Figure 1. Number needed to treat (NNT) estimates from rapamycin-treated mouse cohorts.

(A) NNT meta-estimates across lifespan quantiles (n = 29 survivorship experiments). Survival times in each experiment were converted to quantiles to permit integration across experiments. Absolute risk reductions (ARR) were calculated with respect to each lifespan quantile in each experiment, and then ARR estimates were integrated across studies using a random effects meta-analysis model [6]. The grey region denotes the 95% confidence interval associated with the NNT meta-estimate (black line). (B) Lifespan quantile associated with the minimum NNT estimate in each of 29 experiments. Horizontal axis labels are consistent with those used by Swindell [6].
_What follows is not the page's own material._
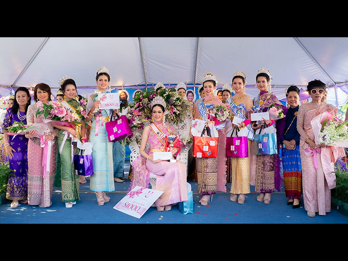 กิจกรรมที่สร้างสีสันอลังการให้กับงานสงกรานต์ คือ การประกวดเทพีสงกรานต์ เป็นการสืบสานตำนานสงกรานต์ ว่าเป็นธิดาท้าวมหาพรหมแพ้พนันต่อธรรมบาลกุมารต้องตัดศีรษะตัวเองให้ธิดาทั้ง 7 ผลัดเปลี่ยนกันอัญเชิญเวียนรอบเขาพระสุเมรเป็นประจำทุกปี โดยปีนี้มีสาวงามสมัครเข้าประกวดจำนวน 16 คน ผลการประกวดผู้ชนะใจกรรมการได้รับตำแหน่งเทพีสงกรานต์ ได้แก่สาวงาม No.16 น้อง Pinki พดาชาลินทร์ ดุรงค์เดช ได้รับมงกุฎ สายสะพาย ถ้วยรางวัล ช่อดอกไม้ เงินสด $1,500,รองอันดับหนึ่ง คือ สาวงาม No.15 คุณ Anna ฉัตริยา จันทร์สำราญ ได้รับมงกุฎ สายสะพาย ถ้วยรางวัล ช่อดอกไม้ เงินสด $1,000, รองอันดับสองได้แก่สาวงาม No.3 น้องอลิสา โค ได้รับมงกุฎ สายสะพาย ถ้วยรางวัล ช่อดอกไม้ เงินสด $800, รองอันดับสาม คือ No.2 ลูกหมู ณิชาลี จิราจิน ได้รับมงกุฎ สายสะพาย ถ้วยรางวัล ช่อดอกไม้ เงินสด $600, รองอันดับสี่ No.1 ภูฟ้า Tunyada วงศ์สุวรรณ ได้รับมงกุฎ สายสะพาย ถ้วยรางวัล ช่อดอกไม้ เงินสด $400 นอกจากนั้นก็มีรางวัลขวัญใจมหาชน ได้แก่สาวงาม No.9 Jessica เจสสิกา เทพธรรม ได้รับมงกุฎ สายสะพาย ถ้วยรางวัล ช่อดอกไม้ เงินสด $1,000 โดยเธอได้ลูกโป่งเชียร์นางงามคนเดียว $7,190 (ยอดขายลูกโป่งยังไม่ได้หักค่าใช้จ่ายได้ยอดเงินทำบุญเข้าวัดรวมทั้งสิ้น $13,120) ส่วนรางวัลขวัญใจช่างภาพและสื่อมวลชน ได้แก่ No.15 Anna ฉัตริยา จันทร์สำราญ ได้รับมงกุฎ สายสะพาย ถ้วยรางวัล ช่อดอกไม้ เงินสด $500

Mouse longevity experiments are challenging to perform, expensive, and time-consuming. While survival trends alone do not necessarily provide insights into healthspan, longevity studies will likely continue to be influential within the aging research community. A literature search, for example, reveals that fewer than 10 published papers per year were related to the topic “rapamycin and aging” between 1975 and 2008; however, from 2009 to 2016, approximately 180 papers per year related to this topic (Web of Science database). This 18-fold expansion of research effort attests to the influence of mouse longevity studies. Accordingly, meta-analysis of mouse longevity data is necessary to ensure that research efforts are guided by the most robust conclusions possible [5, 6]. Basic trends from mouse survival data can often be discerned from descriptive analyses alone, but more nuanced conclusions can be obtained through alternative analysis methods yielding both relative and absolute treatment effect measures [6]. Most basic aging research has emphasized relative measures (e.g., hazard ratios), but absolute measures such as NNT may provide a more natural fit within the preventative medicine paradigm. Along these lines, NNT estimates from mouse longevity studies strengthen rapamycin's case as a candidate preventative therapy, although integration with adverse event frequency data will ultimately be needed to fully delineate the cost-benefit profile.